Ali: So what did everyone think of the first Mission: Impossible? I thought it was a really interesting throwback to what an action thriller used to be. Proper, actual drama, based on characters! Exceedingly tense set-pieces! A massively banging theme tune! It was released in a fascinating period for big-budget movies - before special effects overkill and before remakes and adaptations were ten-a-penny. It feels like a movie that's been sort of fossilised in amber. It doesn't feel ancient, but it certainly doesn't feel like it came out, say, the year after Toy Story. For a start, none of the characters seem to know how email works.
Matt: Did you see that he messages the Book Of Job message board as 'Job' so his contact is then 'Job@Book Of Job'. All of that is dated really badly for a film reliant on appearing hi-tech. All the computers suffer from that era of big exposition pop-up windows. SEND JAMMING SIGNAL? Y/N SENDING JAMMING SIGNAL.
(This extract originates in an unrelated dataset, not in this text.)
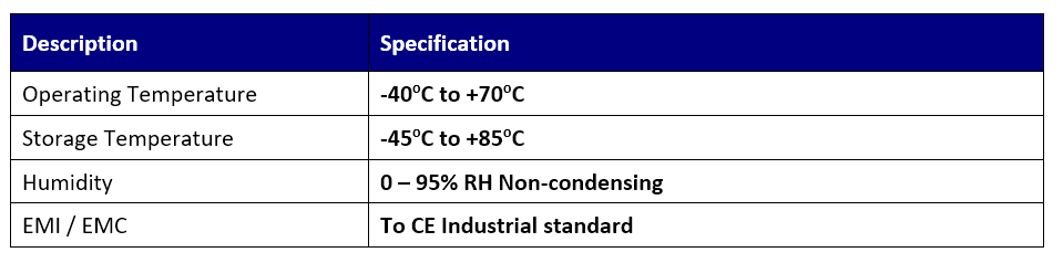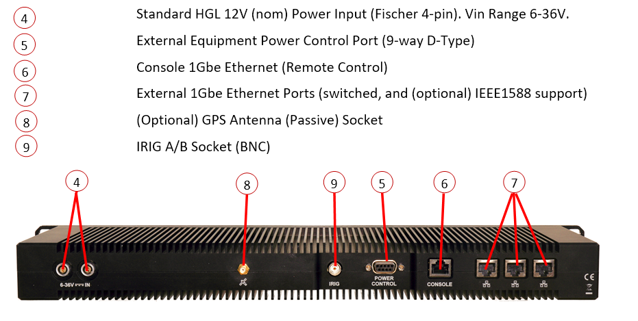 The SyncBox is presented in a conduction / radiation cooled milled Aluminum chassis (482x200x50mm) weighing approximately 3.5kg. All internal components are conduction / radiation cooled; as such the unit is applicable for relatively tough environmental conditions (-40 to +70oC)

Becky: Outdated technology aside (it looked hi-tech enough at the time, I don't think I even had an email address back then) I loved how it is just a decent spy-thriller punctuated with cool action sequences when it all gets a bit too cerebral. I personally feel a bit indifferent to the Bourne and Bond films as I find them a bit too macho, but this is just cheesy, all-round, good old-fashioned fun, right?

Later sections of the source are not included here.